The answer consists only of the lines from the beginning of the listing below to the line holding "있다. <사진제공=서울시의회> |", inclusive, with every picture removed.

■ **Given material**:
=====

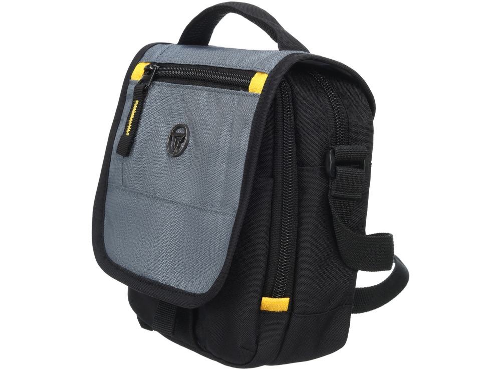 Сумка через плечо TORBER – это надёжное хранение и транспортировка личных вещей. Сумка имеет центральное отделение с защитным клапаном. Изделие выполнено в чёрном цвете с серыми вставками и элементами дизайна желтого цвета. Компактный размер изделия – 15х5х22 см, аккуратно скрывает вместительный объём сумки. Сумка изготовлена из высококачественного полиэстера, который отличается устойчивостью к загрязнителям и истиранию. Сумка включает два основных отделения на широкой молнии, 8 карманов, карабин для хранения ключей. Для удобной транспортировки предусмотрена эргономичная ручка-переноска и плечевой ремень
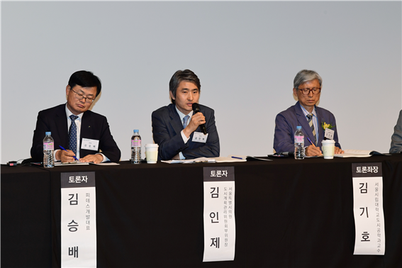 | ▲ 김인제 서울시의원(중앙)이 서울시 타운매니지먼트 국제 심포지엄에서 발표하고 있다. <사진제공=서울시의회> |
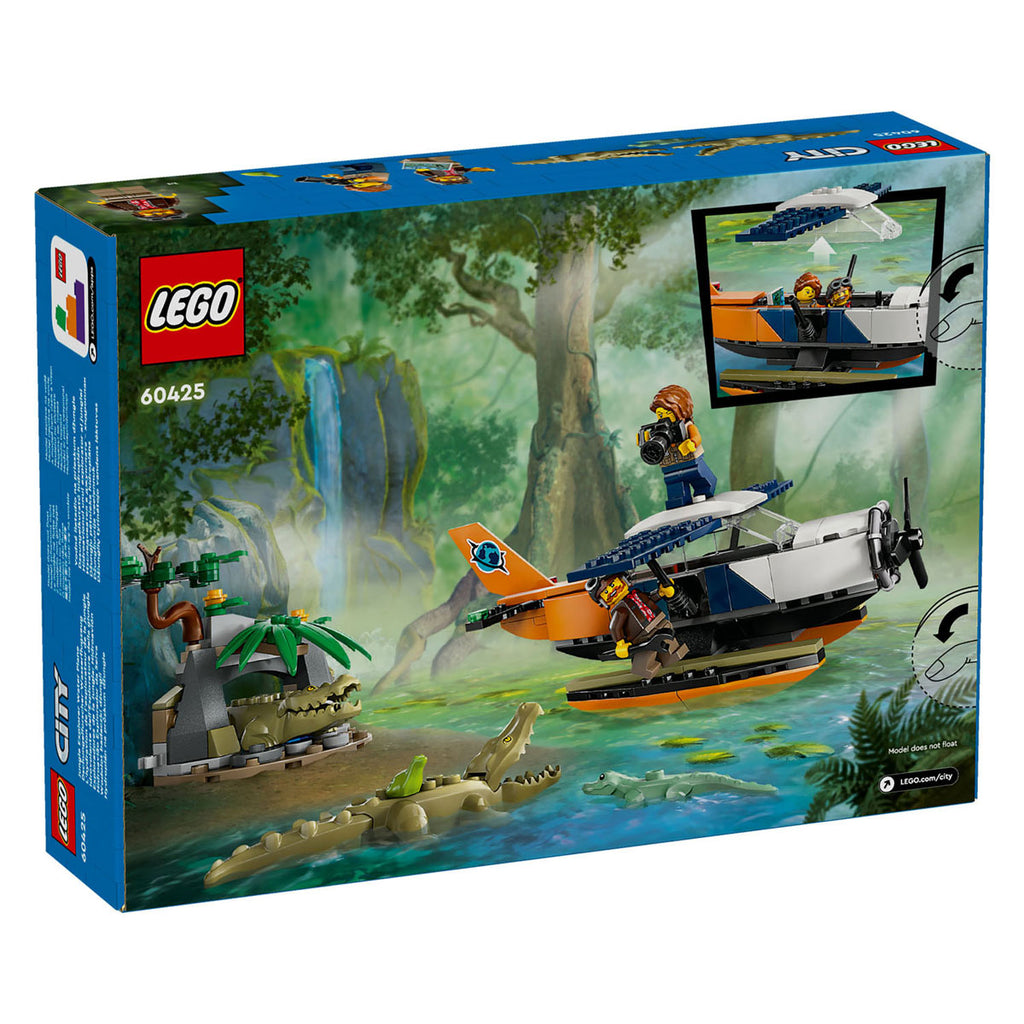 Verras je kleine avonturier met deze LEGO® City Jungleonderzoekers: watervliegtuig (60425) speelset voor kinderen vanaf 6 jaar met een speelgoedvliegtuig en een junglegrot. Er zijn ook 2 minifiguren van ontdekkingsreizigers, een kikker en 3 actiefiguren van krokodillen, waaronder een babykrokodil, voor fantasierijke verhalen. Dit LEGO onderzoekersspeelgoed is inclusief stapsgewijze gedrukte bouwinstructies en 3D-instructies in de LEGO Builder app - een digitale bouwpartner met intuïtieve zoom- en draaifuncties waarmee kinderen modellen van alle kanten kunnen bekijken tijdens het bouwen. LEGO City sets zijn creatieve cadeaus voor kinderen met coole speelgoedvoertuigen, realistische gebouwen en leuke personages voor fantasierijk speelplezier. Kinderen kunnen deze speelgoedset met jungledieren combineren met andere sets (apart verkrijgbaar) uit het LEGO City assortiment voor nog meer speelmogelijkheden. Speelgoedset met een watervliegtuig - verras een kleine avonturier met dit LEGO® City Jungleonderzoekers: watervliegtuig speelgoed voor jongens en meisjes vanaf 6 jaar Wat zit er in de doos? - dit creatieve bouwspeelgoed bevat een LEGO® watervliegtuig, een grotgedeelte in de jungle, minifiguren van een fotograaf en een LEGO piloot, een kikker en 3 krokodillen Bouwspeelgoed voor kinderen die van fantasierijk spel houden - kinderen genieten van een leuke bouwervaring voordat ze samen met de fotograaf en de piloot aan boord van het speelgoedvliegtuig gaan op een spannende krokodillensafari Avontuurlijk speelgoed met leuke accessoires - deze speelset voor kinderen bevat LEGO® minifiguuraccessoires om te doen alsof, waaronder een camera en een gedrukt landkaartelement Een LEGO® cadeau voor kinderen vanaf 6 jaar - geef deze avontuurlijke speelset cadeau voor de feestdagen of een andere gelegenheid aan kinderen die dol zijn op speelgoedvliegtuigen Inclusief een combineerbare kaarttegel - verbind de speelgoedlandkaart die bij deze set wordt geleverd met de landkaarten uit 3 andere speelsets (apart verkrijgbaar) om een gids voor de LEGO® City jungle te creëren Een stad waar alles kan - LEGO® City is een plek waar kinderen hun grenzeloze fantasie de vrije loop kunnen laten met gebouwen, voertuigen en inwoners die hen motiveren om te bouwen, creëren, ontdekken en spelen Afmetingen - het vliegtuig in deze 177-delige LEGO® City set is ca. 8 cm hoog, 18 cm lang en 16 cm breed

=====

■ **Solved exercise**:
 Сумка через плечо TORBER – это надёжное хранение и транспортировка личных вещей. Сумка имеет центральное отделение с защитным клапаном. Изделие выполнено в чёрном цвете с серыми вставками и элементами дизайна желтого цвета. Компактный размер изделия – 15х5х22 см, аккуратно скрывает вместительный объём сумки. Сумка изготовлена из высококачественного полиэстера, который отличается устойчивостью к загрязнителям и истиранию. Сумка включает два основных отделения на широкой молнии, 8 карманов, карабин для хранения ключей. Для удобной транспортировки предусмотрена эргономичная ручка-переноска и плечевой ремень
 | ▲ 김인제 서울시의원(중앙)이 서울시 타운매니지먼트 국제 심포지엄에서 발표하고 있다. <사진제공=서울시의회> |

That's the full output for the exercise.